Well, here we are back at the world’s biggest arts festival, with more than 2000 shows to navigate. In a one week visit, we’ll manage around 20 to 25, a mere 0.01%, but at 3 to 4 a day, a still impressive attempt I’d say.
We started with main festival opera at the Komisher Opera Berlin’s production of Tchaikovsky’s Eugene Onegin**** at the Festival Theatre, sometimes called the opera where nothing happens! What does happen is gorgeous music, played and sung here as well as I’ve ever heard it, in an unusual outdoor staging in gardens and woods which looked as gorgeous as it sounded.
The fringe started at 10am the following morning at my second home, the Traverse Theatre, with the highly original and very thought-provoking Rich Kids: A History of Shopping Malls in Iran****. Opening with the alternatively revolutionary instagram feeds of the privileged sons and daughters of Iran’s revolutionary guard, it bounced around as a modern day illustrated lecture covering all sorts of current issues and prophesies, with the audience joining in on instagram.
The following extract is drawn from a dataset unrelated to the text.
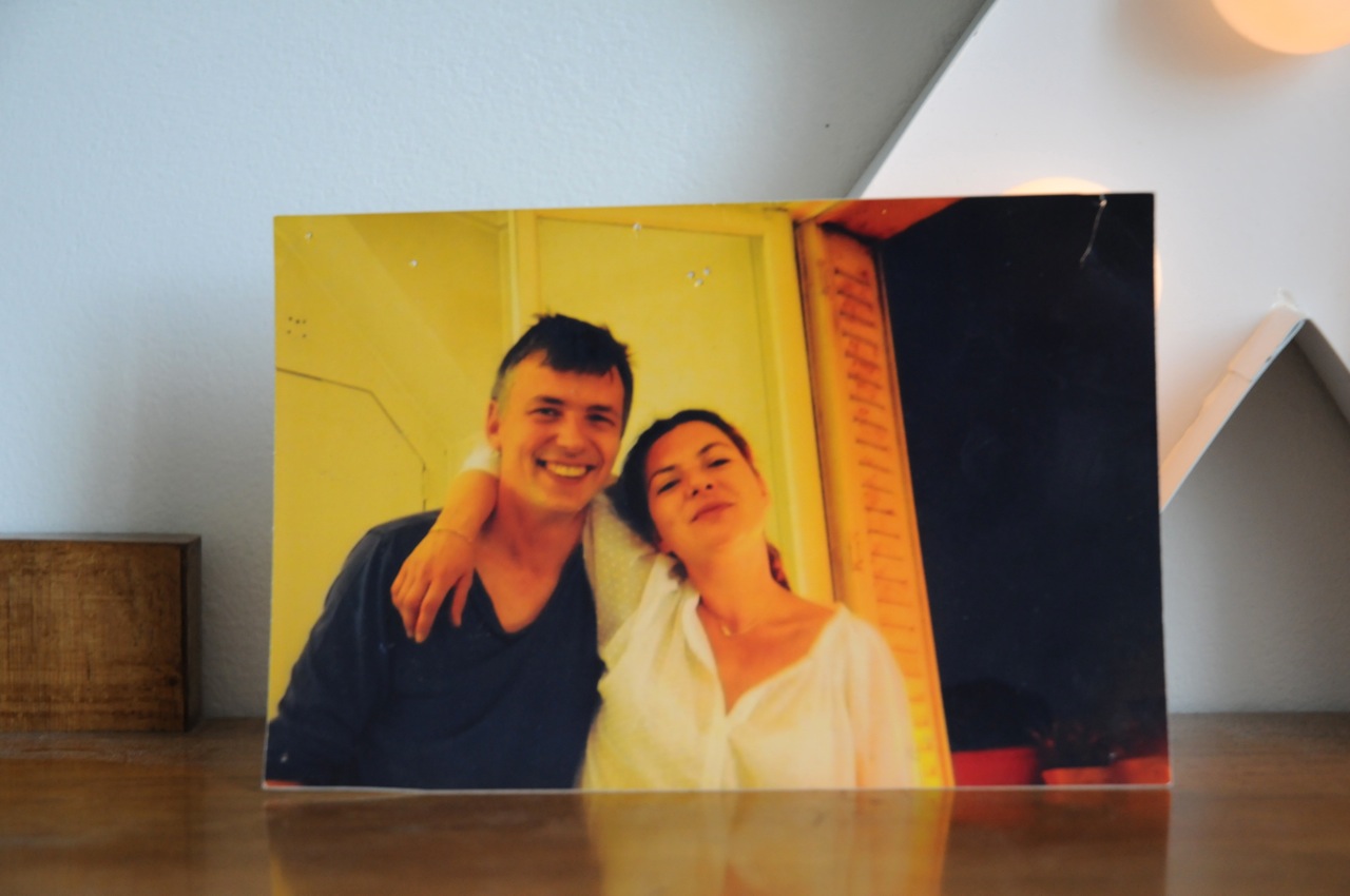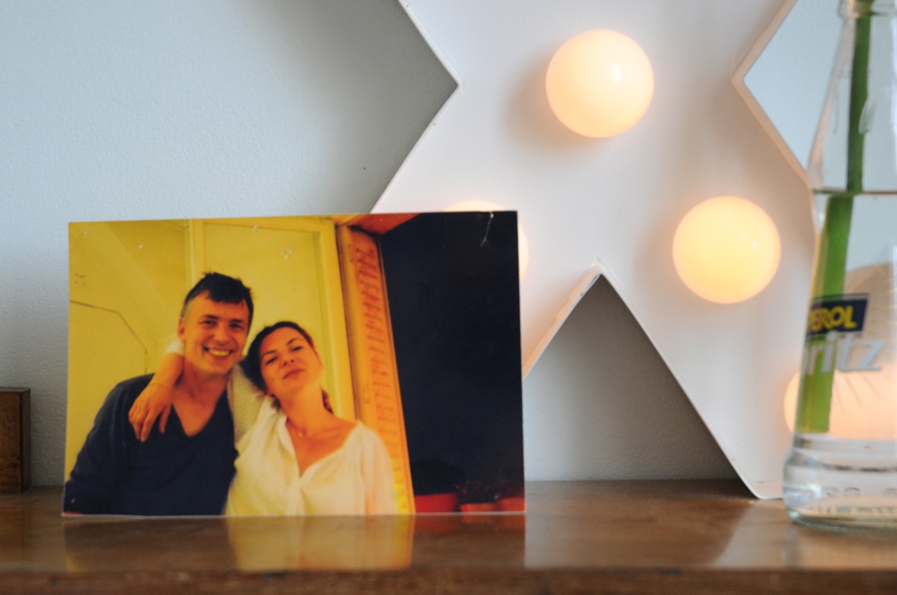 Violette dort avec cette photo depuis quelques semaines. Elle est toute jaune et on a l’air de deux amoureux un peu niais mais elle adore cette image de nous deux.

It divided the group, but I really liked it.
Back at the main festival, Robert Icke’s modern take on Sophocles’ Oedipus*** for Internationaal Theater Amsterdam (formerly Toneelgroep) at the Kings Theatre was a bit of a mixed bag, largely because of the pacing, at times very slow. I’ve seen this group many times, but what struck me on this occasion was the quality of the acting and the chemistry between the performers, which I suspect is the result of regularly working together over long periods.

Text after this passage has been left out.